* Assignment *
In the records below, take the line with "A Black and" and all lines after it, and copy them exactly, pictures excluded.

* Information shown *
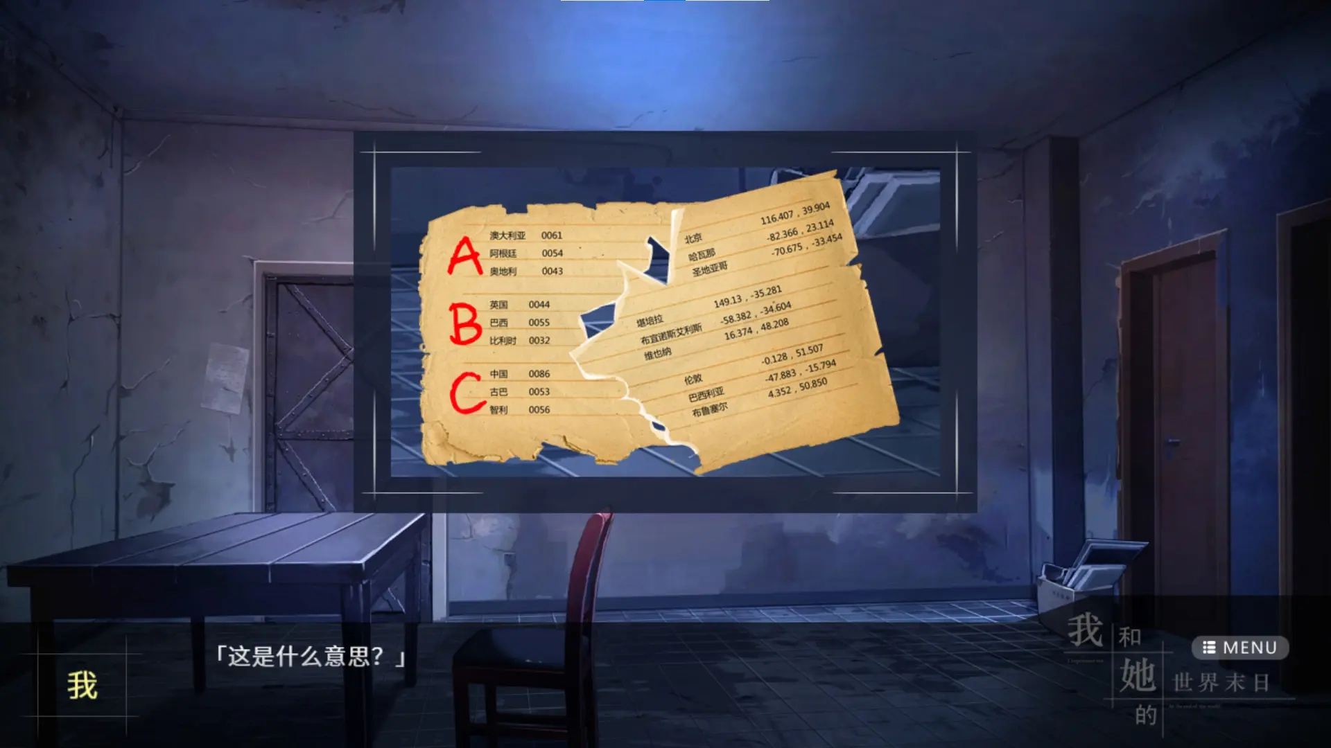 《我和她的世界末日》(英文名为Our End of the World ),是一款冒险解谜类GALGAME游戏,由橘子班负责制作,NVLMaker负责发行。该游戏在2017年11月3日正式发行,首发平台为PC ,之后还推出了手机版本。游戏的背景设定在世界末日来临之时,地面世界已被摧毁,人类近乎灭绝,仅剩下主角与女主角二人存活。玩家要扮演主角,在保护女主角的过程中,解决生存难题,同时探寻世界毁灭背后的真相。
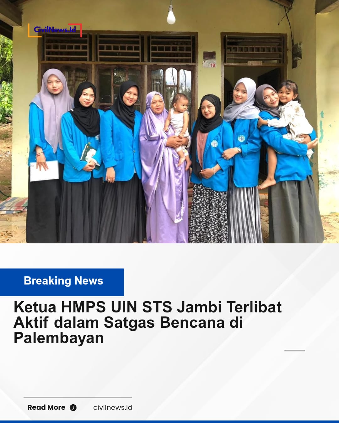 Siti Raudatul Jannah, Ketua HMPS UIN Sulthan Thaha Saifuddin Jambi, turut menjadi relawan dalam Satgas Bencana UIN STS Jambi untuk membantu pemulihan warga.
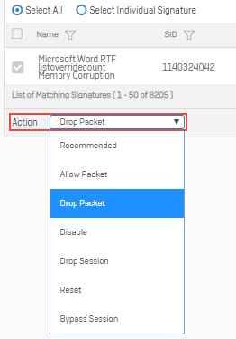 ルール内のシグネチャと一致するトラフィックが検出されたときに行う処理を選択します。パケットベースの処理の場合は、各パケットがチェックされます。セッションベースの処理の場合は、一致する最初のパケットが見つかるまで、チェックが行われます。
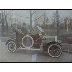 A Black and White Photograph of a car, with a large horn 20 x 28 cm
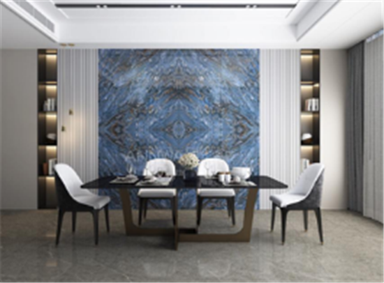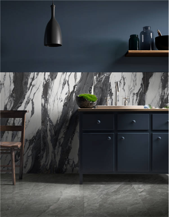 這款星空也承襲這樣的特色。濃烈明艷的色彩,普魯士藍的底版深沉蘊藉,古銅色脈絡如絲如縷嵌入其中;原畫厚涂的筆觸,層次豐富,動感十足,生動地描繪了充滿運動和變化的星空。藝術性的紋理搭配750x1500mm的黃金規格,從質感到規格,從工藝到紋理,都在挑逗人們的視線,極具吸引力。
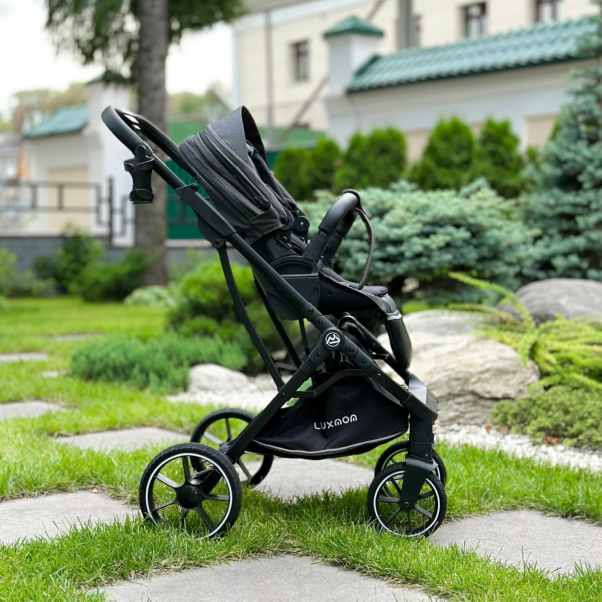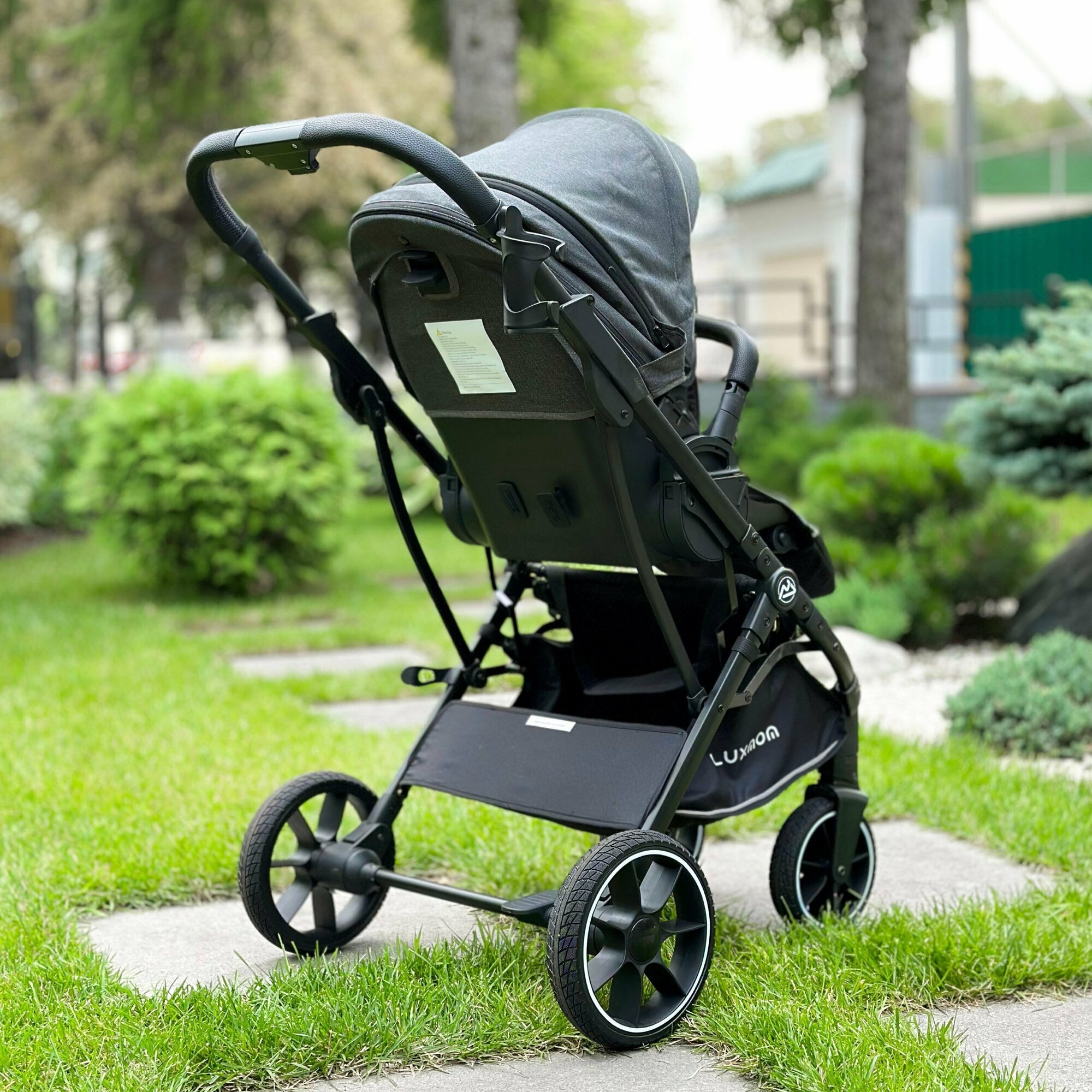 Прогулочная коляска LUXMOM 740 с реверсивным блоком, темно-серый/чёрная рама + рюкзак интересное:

* Problem solution *
 A Black and White Photograph of a car, with a large horn 20 x 28 cm
 這款星空也承襲這樣的特色。濃烈明艷的色彩,普魯士藍的底版深沉蘊藉,古銅色脈絡如絲如縷嵌入其中;原畫厚涂的筆觸,層次豐富,動感十足,生動地描繪了充滿運動和變化的星空。藝術性的紋理搭配750x1500mm的黃金規格,從質感到規格,從工藝到紋理,都在挑逗人們的視線,極具吸引力。
 Прогулочная коляска LUXMOM 740 с реверсивным блоком, темно-серый/чёрная рама + рюкзак интересное:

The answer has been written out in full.